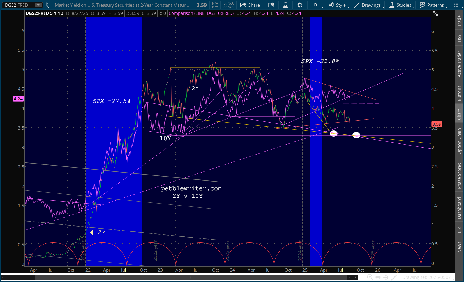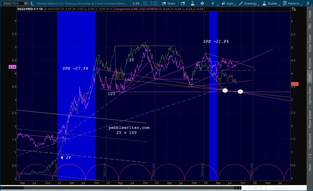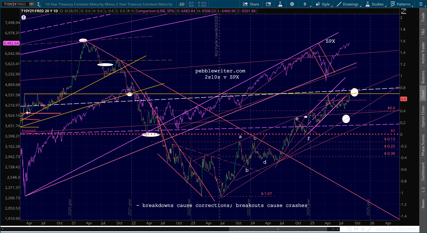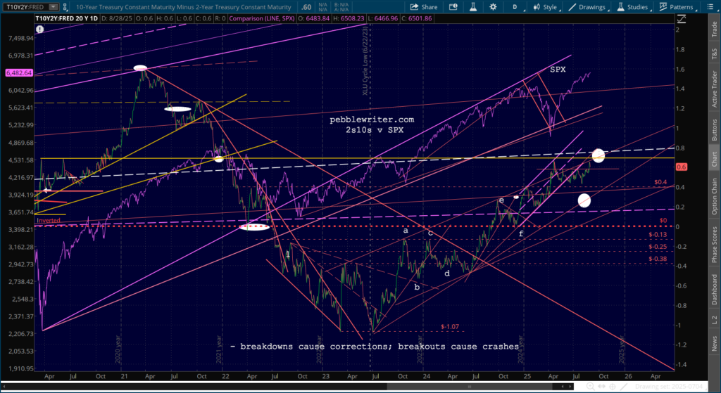 Meanwhile, note that the 2Y is breaking down – unlike the 10Y. If this trend continues, it’ll put upward pressure on the 2s10s at a time when SPX is bumping up against overhead resistance.
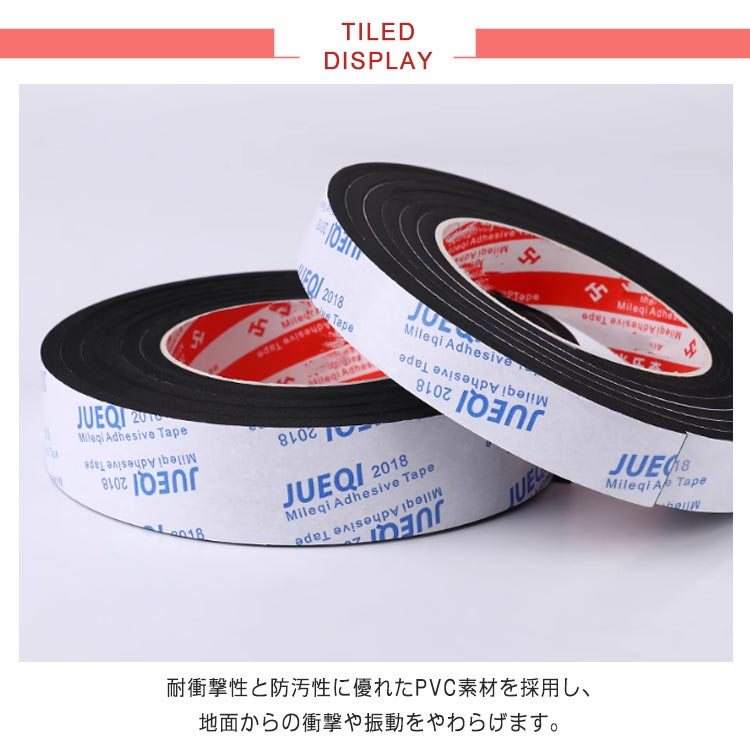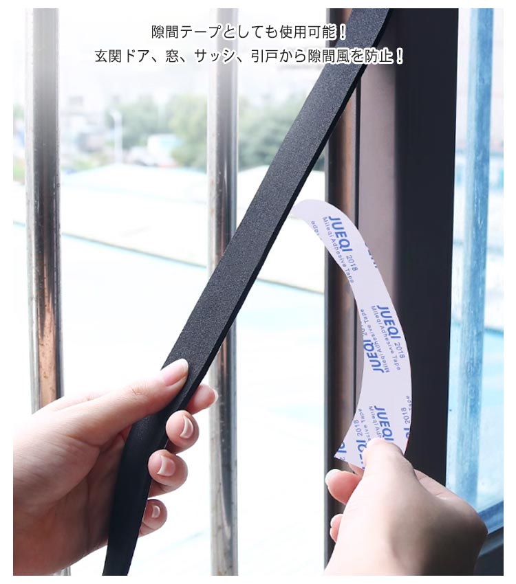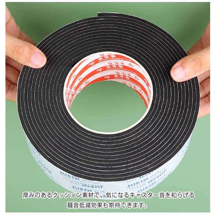 | 貼るだけでキャスターを傷や汚れから守ります! ハサミで簡単にカットできるので、貼り付けも簡単!! 耐衝撃性と防汚性に優れたPVC素材を採用し、地面からの衝撃や振動をやわらげます。 厚みのあるクッション素材で、気になるキャスター音を和らげる騒音低減効果も期待できます。 隙間テープとしても使用可能!玄関ドア、窓、サッシ、引戸から隙間風を防止! | |
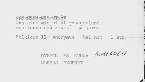 //// g AS xS ^ SK xMX S xM$ xå$ //// Jag gick mig ut åt rosendelund, //// och tussa små kräka' så gärna ! //// ! //// ' //// H //// Folklore II: Anonymus Mel not 1 str. //// a //// ! //// i //// DYBECK MS KVHAA //// MOBERG EXCERPI : ////
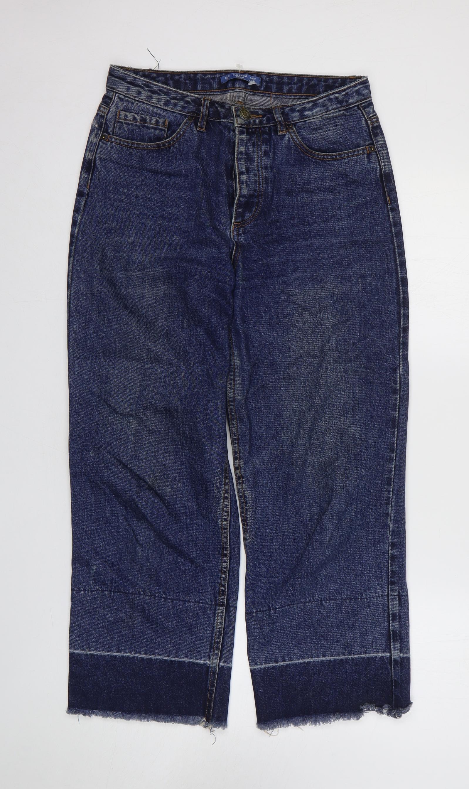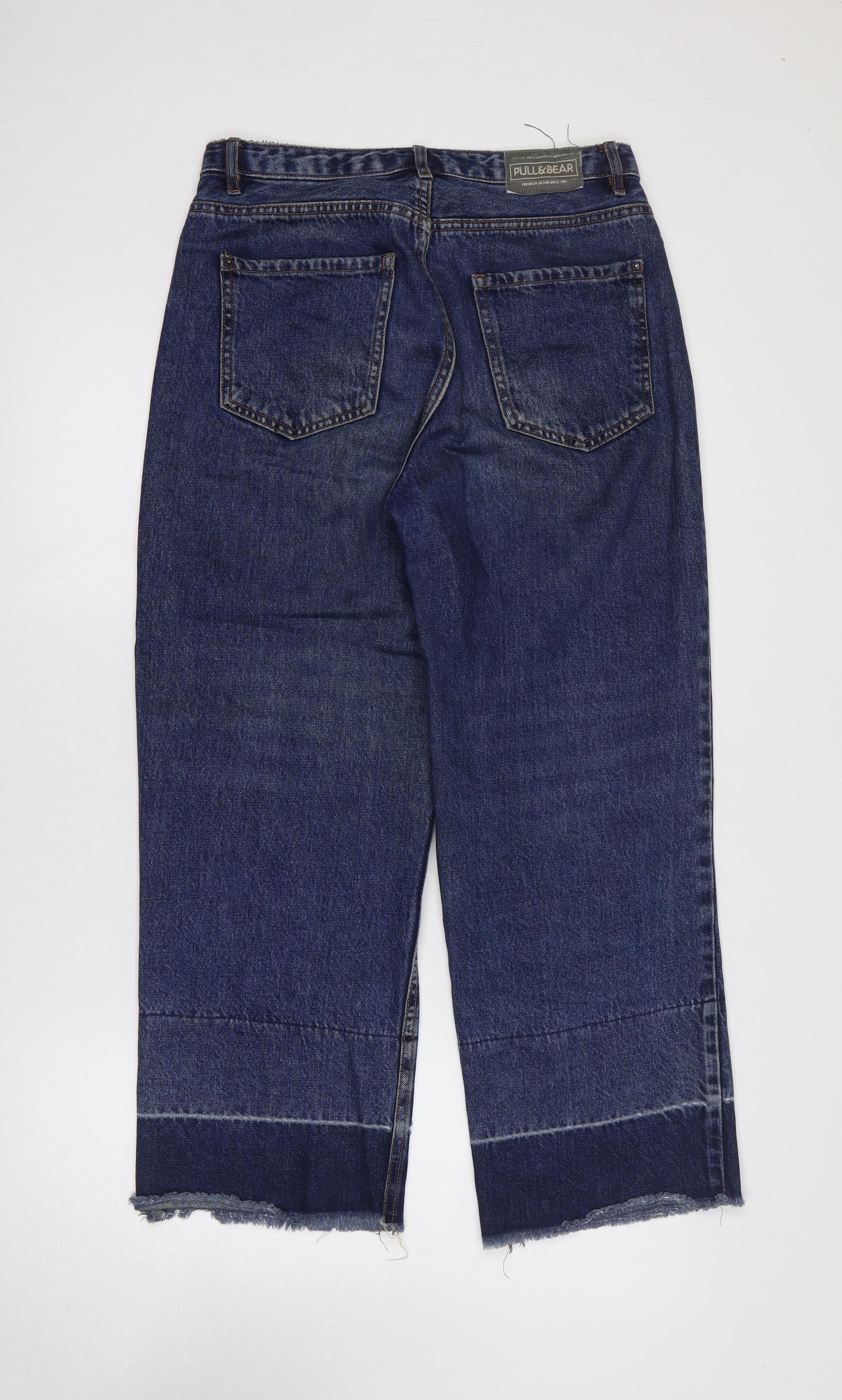 Pull&Bear Womens Blue Cotton Straight Jeans Size 6 L26 in Regular Zip
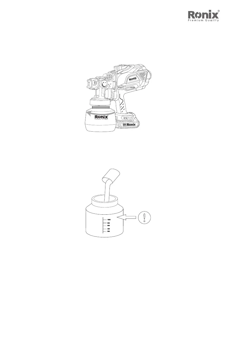 - Pour thinned paint into the tank, do not exceed the MAX. scale
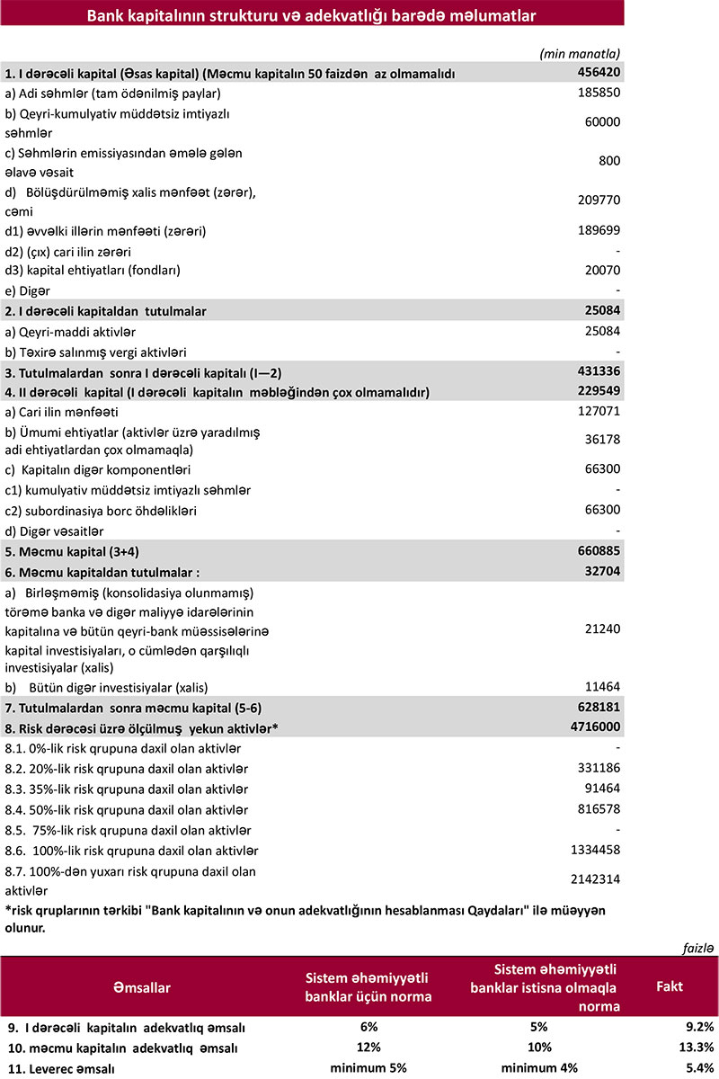 Qeyd edək ki, 2021-ci ilin ilk 6 ayı ərzində "Kapital Bank"ın cəmi əməliyyat gəlirləri 363 milyon 774 min manat, cəmi əməliyyat xərcləri 183 milyon 456 min manat, əməliyyat mənfəəti 180 milyon 318 min manat təşkil etmişdi.
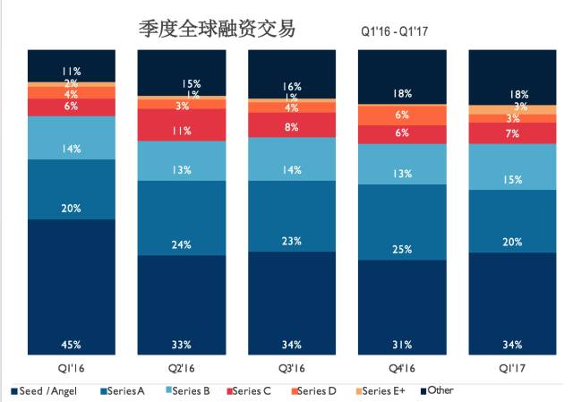 在2017年第一季度,种子阶段交易份额连续三个继续占比45%以上。
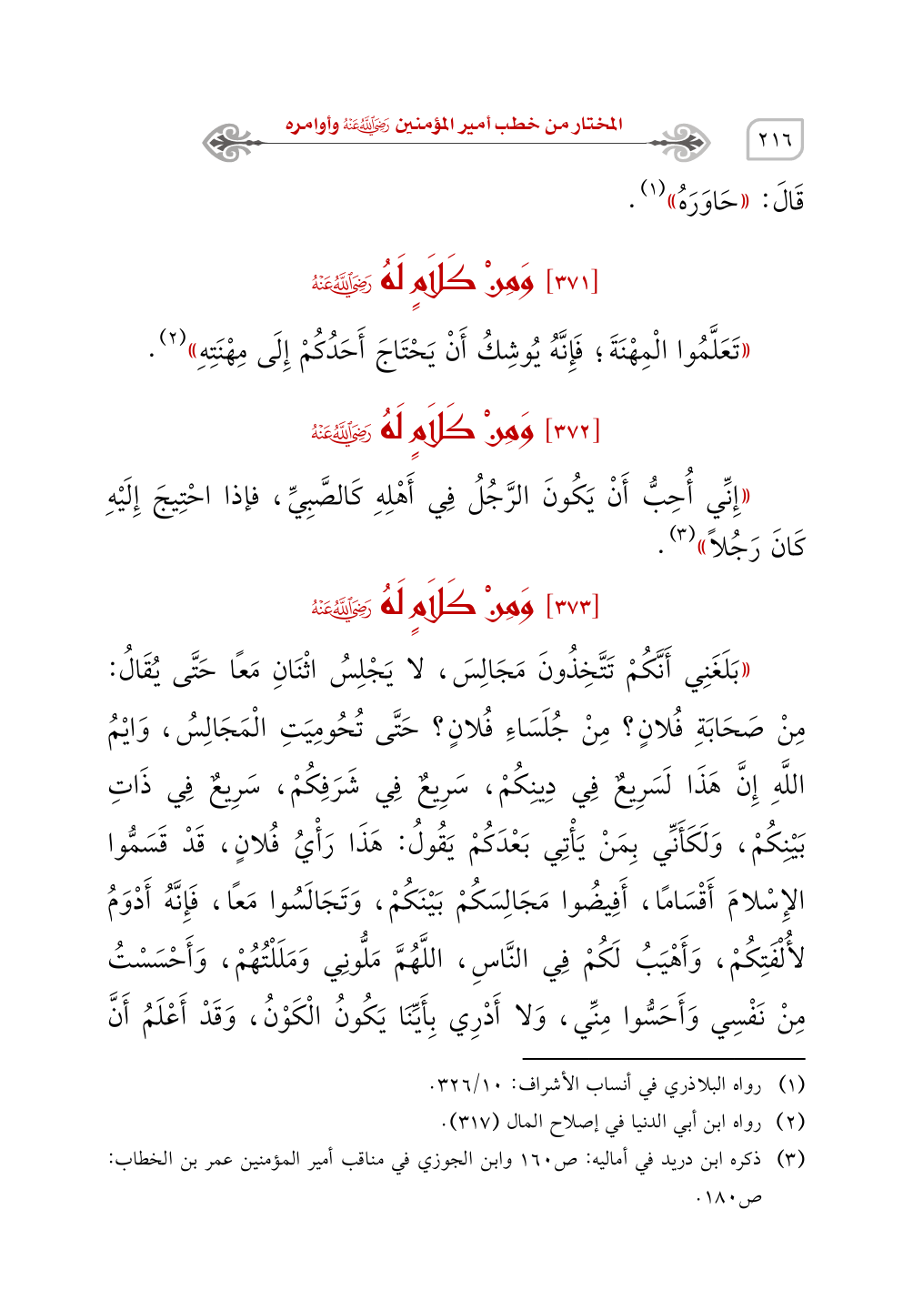 ((بَلَغَنِي أَنَّكُمْ تَتَّخِذُونَ مَجَالِسَ، لا يَجْلِسُ اثْنَانِ مَعًا حَتَّى يُقَالُ: مِنْ صَحَابَةِ فُلانٍ؟ مِنْ جُلَسَاءِ فُلانٍ؟ حَتَّى تُحُومِيَتِ الْمَجَالِسُ، وَايْمُ اللَّهِ إِنَّ هَذَا لَسَرِيعٌ فِي دِينِكُمْ، سَرِيعٌ فِي شَرَفِكُمْ، سَرِيعٌ فِي ذَاتِ بَيْنِكُمْ، وَلَكَأَنِّي بِمَنْ يَاتِي بَعْدَكُمْ يَقُولُ: هَذَا رَايُ فُلانٍ، قَدْ قَسَمُّوا الإِسْلامَ أَقْسَامًا، أَفِيضُوا مَجَالِسَكُمْ بَيْنَكُمْ، وَتَجَالَسُوا مَعًا، فَإِنَّهُ أَدْوَمُ لأُلْفَتِكُمْ، وَأَهْيَبُ لَكُمْ فِي النَّاسِ، اللَّهُمَّ مَلُّونِي وَمَلَلْتُهُمْ، وَأَحْسَسْتُ مِنْ نَفْسِي وَأَحَسُّوا مِنِّي، وَلا أَدْرِي بِأَيِّنَا يَكُونُ الْكَوْنُ، وَقَدْ أَعْلَمُ أَنَّ

REQUIREMENT: Only the lines from the one containing "- Pour thinned" through the end of the records are wanted, set down exactly and without their pictures.

ANSWER TO THIS EXERCISE:
 - Pour thinned paint into the tank, do not exceed the MAX. scale
 Qeyd edək ki, 2021-ci ilin ilk 6 ayı ərzində "Kapital Bank"ın cəmi əməliyyat gəlirləri 363 milyon 774 min manat, cəmi əməliyyat xərcləri 183 milyon 456 min manat, əməliyyat mənfəəti 180 milyon 318 min manat təşkil etmişdi.
 在2017年第一季度,种子阶段交易份额连续三个继续占比45%以上。
 ((بَلَغَنِي أَنَّكُمْ تَتَّخِذُونَ مَجَالِسَ، لا يَجْلِسُ اثْنَانِ مَعًا حَتَّى يُقَالُ: مِنْ صَحَابَةِ فُلانٍ؟ مِنْ جُلَسَاءِ فُلانٍ؟ حَتَّى تُحُومِيَتِ الْمَجَالِسُ، وَايْمُ اللَّهِ إِنَّ هَذَا لَسَرِيعٌ فِي دِينِكُمْ، سَرِيعٌ فِي شَرَفِكُمْ، سَرِيعٌ فِي ذَاتِ بَيْنِكُمْ، وَلَكَأَنِّي بِمَنْ يَاتِي بَعْدَكُمْ يَقُولُ: هَذَا رَايُ فُلانٍ، قَدْ قَسَمُّوا الإِسْلامَ أَقْسَامًا، أَفِيضُوا مَجَالِسَكُمْ بَيْنَكُمْ، وَتَجَالَسُوا مَعًا، فَإِنَّهُ أَدْوَمُ لأُلْفَتِكُمْ، وَأَهْيَبُ لَكُمْ فِي النَّاسِ، اللَّهُمَّ مَلُّونِي وَمَلَلْتُهُمْ، وَأَحْسَسْتُ مِنْ نَفْسِي وَأَحَسُّوا مِنِّي، وَلا أَدْرِي بِأَيِّنَا يَكُونُ الْكَوْنُ، وَقَدْ أَعْلَمُ أَنَّ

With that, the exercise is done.